Two Novellas: “Red Kettle Christmas”,
“MANHATTAN MIRACLE,”
Anna Schmidt
Available in print and Kindle
The Best Christmas story I’ve
Read Since “A Christmas Carol”…
First Edition "A Christmas Carol" |
Imagine it’s December 19th,
1843 and you’ve just bought a first day, first edition of Charles Dickens’ “A Christmas Carol”. You open to the front piece and learn that it
is a ‘ghost story’. Maybe you are surprised and feel that this will be
something very different in Christmas stories. Even if you felt this at the
time, you could not have known that you were about to read an ‘instant classic’
that for the next 170 years would never go out of print.
Could you have thought then in
December 1843 that this little novella, “A
Christmas Carol” would have packed so powerful a punch that it forever
changed the world’s view of Christmas? I
like to think that I would have seen the greatness in “A Christmas Carol”. But that is something I will never know.

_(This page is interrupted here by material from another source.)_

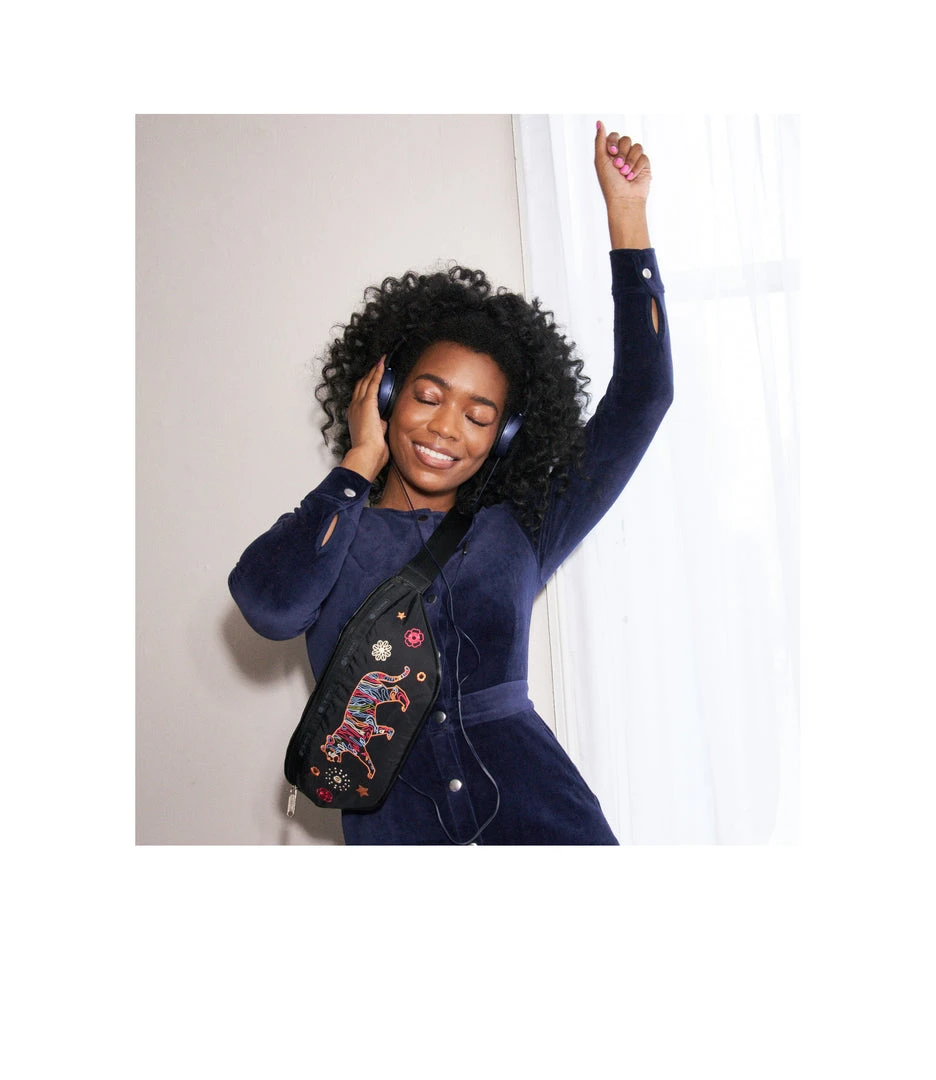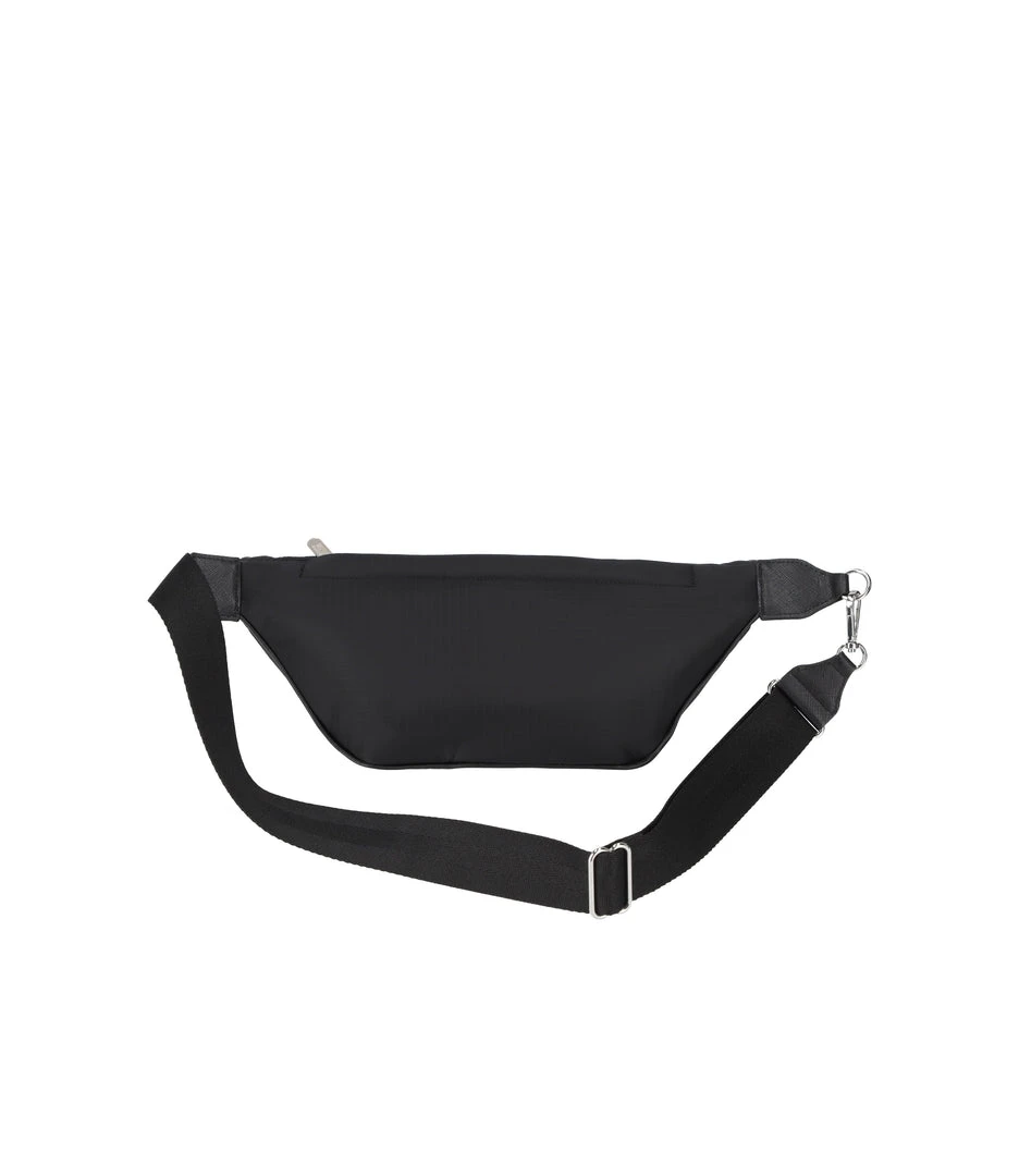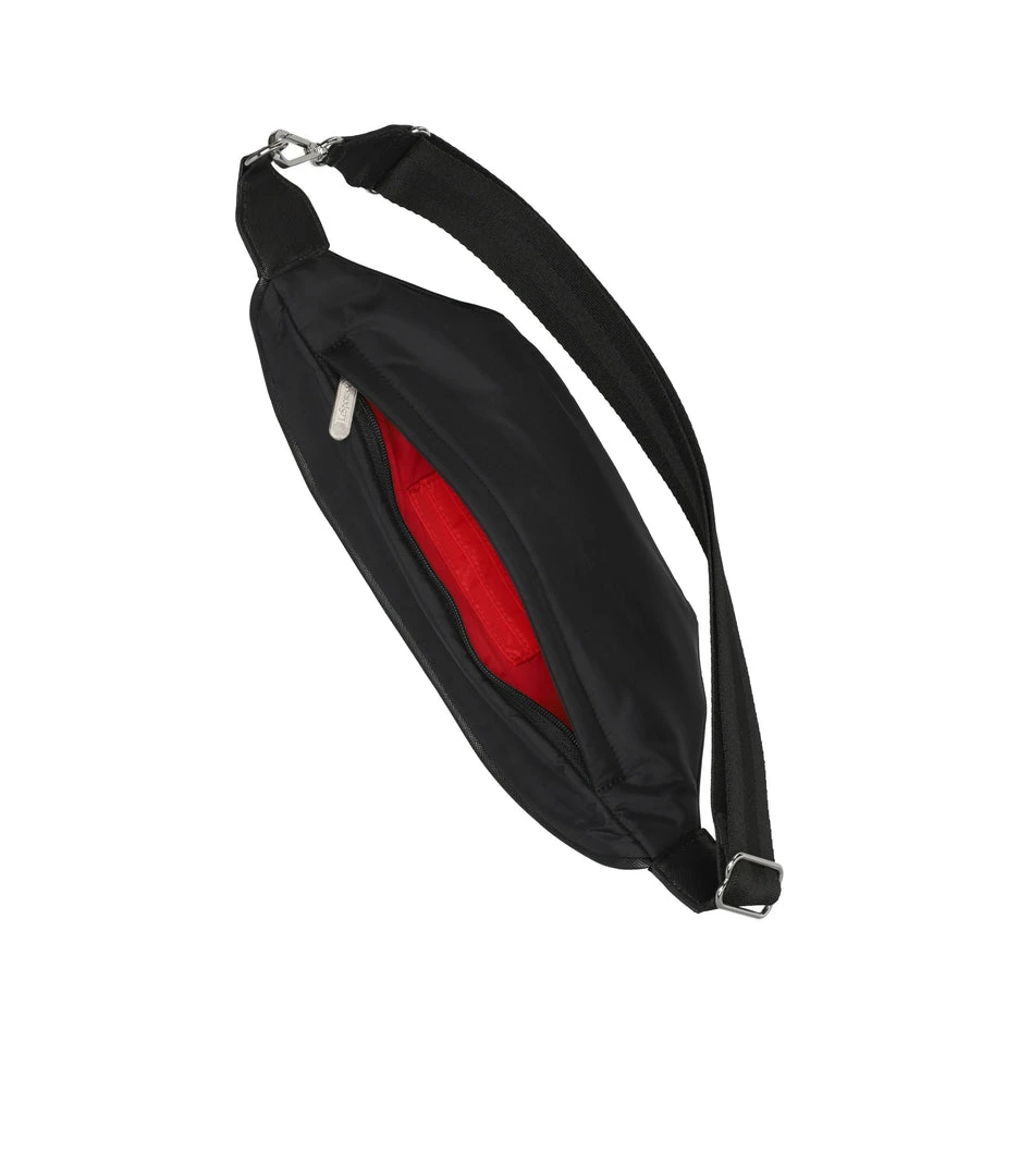 Zip closure front main compartment, Exterior back top zip closure pocket with 3 credit card slots on interior back wall, 1.5in/3.8cm wide adjustable waist belt with a minimum length of 36 in/91.5 cm and maximum length of 50.75in/129 cm (measurements include length of bag body and clip), Features metal hardware and vegan-leather trim details

I do know I felt that way after reading
“Red Kettle Christmas”. Like, “A
Christmas Carol,” this novella is different from all the other Christmas
stories I’ve read before. This is not a book written to be a Christmas story.
This is a classic story that takes place at Christmas time. This is another
example of the author’s pioneering venture into ‘romance realism’ – a subgenre
of romance in which serious topics are dealt with that traditional publishers
almost always avoid. Her “Winter’s End”
dealt with hospice, and “Try, Try, Again”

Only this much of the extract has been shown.